Ausblick auf 2022: Public und Private Credit
Greg: 2021 war ein Jahr des starken Aufschwungs, wenn auch nicht ohne Höhen und Tiefen. Martin, können Sie zunächst auf das fundamentale Umfeld eingehen, in dem sich Emittenten von festverzinslichen Wertpapieren aus Industrieländern heute bewegen?
Martin: Es war sicherlich ein Jahr der Erholung. Viele Unternehmen sind im Vorfeld des Jahres 2022 jetzt recht gut aufgestellt und werden durch die fortgesetzte Öffnung der Volkswirtschaften und weitgehend erfolgreiche Impfkampagnen in der ganzen Welt unterstützt.

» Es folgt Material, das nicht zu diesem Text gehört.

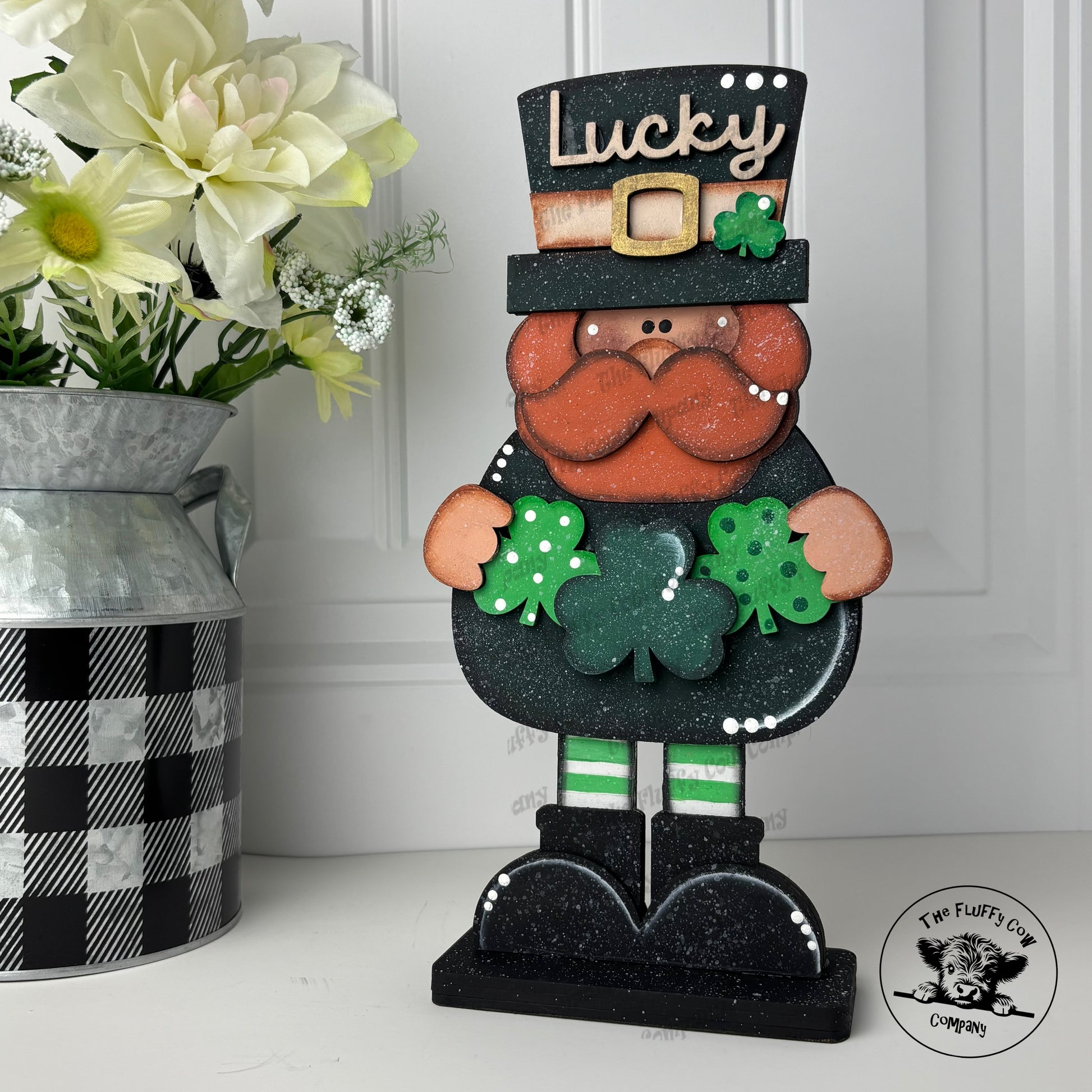 Expertly crafted for St. Patrick's Day, this festive Lucky The Leprechaun is a delightful addition to your holiday decor. With laser-cut details and hand-painted accents, this standing shelf sitter brings a touch of Irish luck to any space. Perfect for adding a playful touch to shelves, mantels, or tabletops.

Auch die Erträge steigen durchweg, Zahlungsausfälle dürften auf absehbare Zeit gering bleiben. Gleichzeitig verbessert sich die Beschäftigungslage weiter, und der Konsum scheint relativ gesund zu sein. Zwar herrschen angesichts steigender Rohstoffkosten und angebotsseitiger Beeinträchtigungen weiterhin Bedenken über inflationäre Tendenzen, dennoch konnten zahlreiche Unternehmen diese Kosten an die Verbraucher weitergeben. Trotzdem werden die Folgen von Problemen in den Lieferketten noch einige Zeit zu spüren sein – auch haben wir wahrscheinlich noch nicht die vollen Auswirkungen der Lohninflation verzeichnet. Beide Faktoren könnten die Margen der Unternehmen in gewisser Weise schmälern.
Greg: Omotunde, wie deckt sich Martins Einschätzung mit dem, was Sie im Bereich der Unternehmensanleihen aus Schwellenländern sehen?
Omotunde: Ähnlich wie in den Industrieländern haben sich die Fundamentaldaten der Unternehmen in den Schwellenländern aufgrund der Einführung von Impfstoffen und der anhaltenden Nachfrage nach Rohstoffen drastisch verbessert. Umsatz und EBITDA haben sich von den zweistelligen Rückgängen des letzten Jahres weitgehend erholt, der Nettoverschuldungsgrad liegt bei vielen Unternehmen nun unter dem Niveau von 2019. Auch die Ausfallquoten der Unternehmen in den Schwellenländern sind im Vergleich zu historischen Normen niedrig geblieben. Mit Blick auf das kommende Jahr denken wir an ähnliche potenzielle Gegenwinde wie die von Martin erwähnten – nämlich, dass Faktoren wie Engpässe in der Lieferkette und ein Chipmangel den Inflationsdruck auf Unternehmen in Schwellenländern verstärken. Zwar waren die meisten Unternehmen in der Lage, die höheren Kosten an die Verbraucher weiterzugeben, aber es bleibt fraglich, wie stark die Margen durch den anhaltenden Inflationsdruck in Zukunft belastet werden könnten. Positiv ist, dass in den Jahren 2020 und 2021 umfangreiche Refinanzierungsmaßnahmen ergriffen wurden: zahlreiche Unternehmen haben sich niedrigere Finanzierungskosten gesichert und verfügen nun über einen größeren Puffer gegen diesen Druck. Das wiederum dürfte dazu beitragen, die Fundamentaldaten dieser Unternehmen stabil zu halten.